XI
Я почитал мою миссию к Кутузову оконченной. Его храбрый отряд выбил турок с указанных фортов и вошел в ближайшие улицы. Я подъехал к нему
с целью узнать, что он прикажет дополнить к рапорту главнокомандующему. Михаилу Ларионыча я застал у какого-то сада. Прислонясь к корявому,
дуплистому орешнику, он жадно пил добытую в соседнем колодце воду. Мундир на нем был расстегнут, обрызган грязью и кровью, коса расплелась, руки
и лицо в пороховой копоти.
-- Вон, за тем огородом, видишь? -- объяснял он, переводя дух, отъезжавшему Гуськову.-- Бери взвод, роту... не одолеешь, дай знать
Платову...
Не успел он кончить, откуда-то с страшным сверлящим гулом и визгом налетел тяжелый снаряд. Что это было: граната, бомба или ядро?
Перемахнув через сад, колодец и наши головы, снаряд обо что-то хлопнул и, не замеченный глазу, унесся далее. Лошадь Гуськова взвилась. Смотрю,
он побледнел, стал склоняться с седла. Из обнаженного снарядом белого колена хлестал струей кровавый фонтан. Мы бросились к раненому.
-- Бехтеев! -- крикнул Кутузов.-- В арсенале -- видишь, две башни? -- наши пленные... Турки их режут... Бери бугцев -- вон за огородом...
не опоздать бы, голубчик... именем моим...

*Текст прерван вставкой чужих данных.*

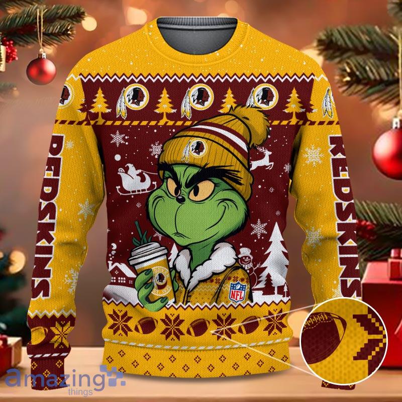 Grinch Dring Outfit Washington Redskin Knitted Christmas 3D Sweater Gift For Fans Information

Я поскакал к указанному месту. Что передумалось в те мгновения, трудно изобразить. Не скажу, чтоб я дорожил собственной жизнью; но мне
мучительно было мыслить, что меня убьют на пути и я не достигну цели. Свистевшие вправо и влево пули, разрывавшиеся здесь и там гранаты я считал
направленными именно в меня. "Как? Мне не удастся оказать помощь? Эти несчастные, и между ними, может быть, измученный голодом, цепями
Ловцов..."
Я шпорил лошадь. Миновав один переулок, я достиг огорода. Невысокий, рыжеватый и толстенький майор, тот самый что спорил с Ланжероном об
исходе войны, только что собрал рассеянную меж обгорелых избушек и дерев роту бугцев и, с оторванной фалдой, подняв шпагу в обмотанной чем-то,
окровавленной руке, стал выводить солдат в опустелую, застилавшуюся дымом улицу.
-- Изверг ты рода человеческого! -- кричал майор, с выпяченными на веснушчатом лице, сердитыми глазами, обращаясь к плечистому, длинному,
сконфуженно и робко шагавшему через грядки фельдфебелю.-- Турчанка в шароварах ему, изволите видеть, понадобилась! Баб им, треклятым иродам,
давайте! Сласти всякие, перины, чубуки! А ты прежде, распробестия, службу, а тогда и в задворки...
Подскакав к майору, я передал ордер Кутузова.
-- Что ж, берите,-- бешено крикнул он в досаде и на меня,-- матушкины, тетушкины отлички! Все с налету-с!-- продолжал он, озираясь на
ходу.-- Ты верой-правдой, а у тебя из-под носа...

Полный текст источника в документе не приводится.